Mato Grosso do Sul não fugiu aos moldes nacionais quanto à formação de uma identidade regional baseada na falsa ideia de democracia racial e de branquidade. Este modelo foi refletindo diretamente na invisibilidade dos remanescentes quilombolas do Estado. Um exemplo, Campo Grande, que é conhecida como a cidade morena, não possui menção alguma sobre a vida de camponeses e nem de escravizados, em nenhum dos seus 14 museus (Santos, 2010: p. 31).
 Não é possível que atualmente, dirigentes e intelectuais ainda expressem noções sobre o que é ser remanescente quilombola baseados em conceituações cristalizadas em um passado colonial. A ideia sobre ser quilombola hoje ultrapassa a noção colonial e se aproxima muito mais de uma ressignificação do caráter multicultural do quilombo surgido no território africano, mas muito diferente da conceituação de quilombo feita pelo colonizador. E ainda, não é possível permitir, que ideias como a do Parecer Quilombola, após a criminalização do racismo em 1988, sejam formas de propagação de racismo sutil através da negação da existência de comunidades quilombolas no estado.
A afirmação do Parecer demonstra muito dos aspectos da invisibilidade social e econômica da população negra brasileira. A população quilombola faz uso de terras reconhecidas como patrimônio histórico pelo Estado Brasileiro, compartilhando valores comuns, parentesco, práticas culturais. Devemos ultrapassar esse entendimento vindo do período colonial que prejudica a existência e garantia de direitos civis, econômicos, sociais e culturais das comunidades remanescentes quilombolas no Brasil.

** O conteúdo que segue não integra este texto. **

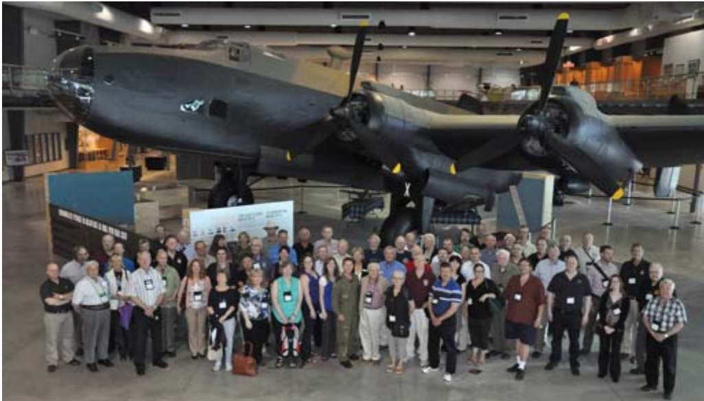
Group at National Air Force Museum of Canada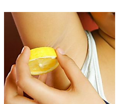
7 Uses For Lemons You Never Knew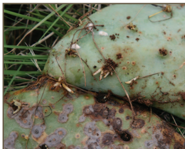
Figure 7. Adventitious roots.

hard seed coats allow them to survive heat and lack of water and pass undamaged through the digestive systems of grazing animals and birds. Seed germination is the primary method of reproduction in undisturbed habitats. Seeds are dispersed mainly through animal droppings, including birds. Vegetative reproduction occurs when pads are detached from the parent plant by animals, wind, flood or mechanical disturbance and take root where they lodge. Pricklypear stems or pads quickly produce adventitious roots and form new plants when they contact moist soil.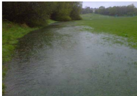
Photo 1: Surface water flooding during a heavy rainfall event (25 th April 2012)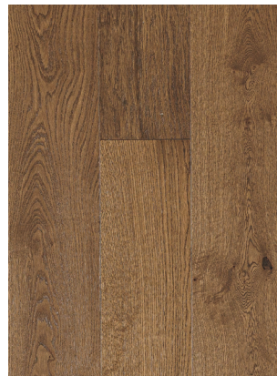
Bliss Oak | French

Por Nayhara Almeida de Sousa


Referências Bibliográficas

AMARAL FILHO, N. C. Mídia e Quilombos na Amazônia. Relações Raciais no Brasil: pesquisas contemporâneas. Org. Valter Roberto Silvério, Regina Pahim Pinto, Fúlvia Rosemberg. São Paulo: Contexto, 2011.

SANTOS, C. A. B. P dos. Fiéis descendentes redes-irmandades no pós-abolição entre as comunidades negras rurais sul-mato-grossenses. Tese de Doutorado em Antropologia Social. UNB, Brasília, 2010.

BRASIL, Ministério Público Federal. Procuradoria Geral da Republica, 2 região. Territórios Quilombolas e Constituição: A ADI 3.239 e a Constitucionalidade do Decreto 4,887/03. Rio de Janeiro, 03 de março de 2008.